Decisions in first-instance cases are of no assistance. They turn on their own facts and have no binding force. Moreover, they do not lend even tangential support to Col Scriven’s case.
Analysis and Conclusions
Previous decisions in other cases
It was rightly not argued that any judgment of any higher tribunal or court of record was determinative of the outcome of any of the appeals before us. Col Scriven relied on some decisions of the First-tier Tribunal. We took the view that decisions at first-instance level in other cases, arrived at by other Tribunals in disputes on different points determined on the basis of evidence and submissions not presented before us, were of no assistance.
Scope of the first request (EA/2023/0246)
In our judgment, the Cabinet Office has correctly interpreted Col Scriven’s request. It was for minutes of meetings of the HD Committee at which ‘decisions and recommendations in respect of the advice on medal submissions which the AMSC made’ were taken. The attempt by Col Scriven to read his own request as extending to HD Committee meetings not within those limits is obviously impermissible.

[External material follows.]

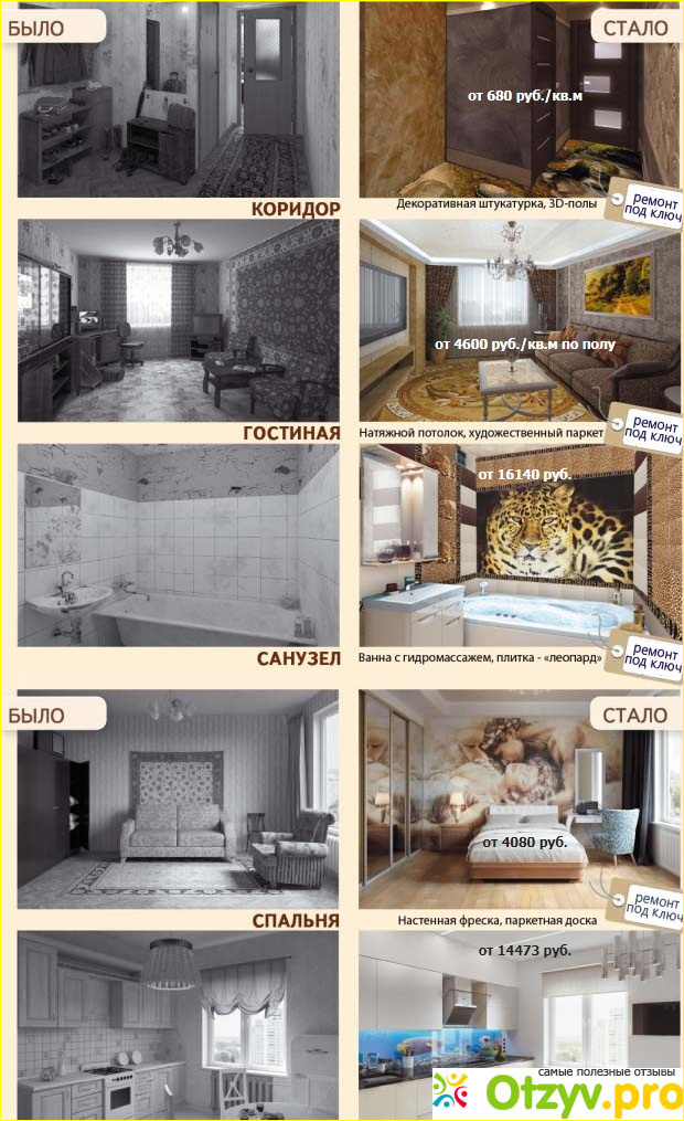 Разница между тем, что было и что стало просто огромная. Впечатление такое, что это разные квартиры.

Since Col Scriven forswears any allegation of wrongdoing (which any misrepresentation by the Cabinet Office of the subject matter of any relevant Committee meeting would surely involve) and certainly makes no positive, evidence-based claim that any HD Committee meeting on any date other than 21 May 2020, 20 July 2021 and 31 January 2022 involved consideration of AMSC advice on medal submissions, we can only take at face value the Cabinet Office’s case that the minutes of the meetings on the other dates cited by Col Scriven were not within the scope of the request. The reasoning which follows is confined to those three meetings.
Is s37(1)(b) engaged?
Col Scriven did not dispute that the exemption was engaged in the case of the deliberations of the HD Committee. In a late change of position, however, he did argue that the exemption was not applicable to the minutes of the AMSC. With due respect, that was a point (and not the only one) which Col Scriven would have done better to consign to the waste-paper basket. Self-evidently, the work of AMSC does, and did, ‘relate to’ the conferring by the Crown of honours or dignities. AMSC exists to perform such work. The fact that it does not offer recommendations directly to the Crown is nothing to the point. If authority were needed, it can be found in the Decision of the UT in the Morland case cited above, in which Col Scriven was directly involved.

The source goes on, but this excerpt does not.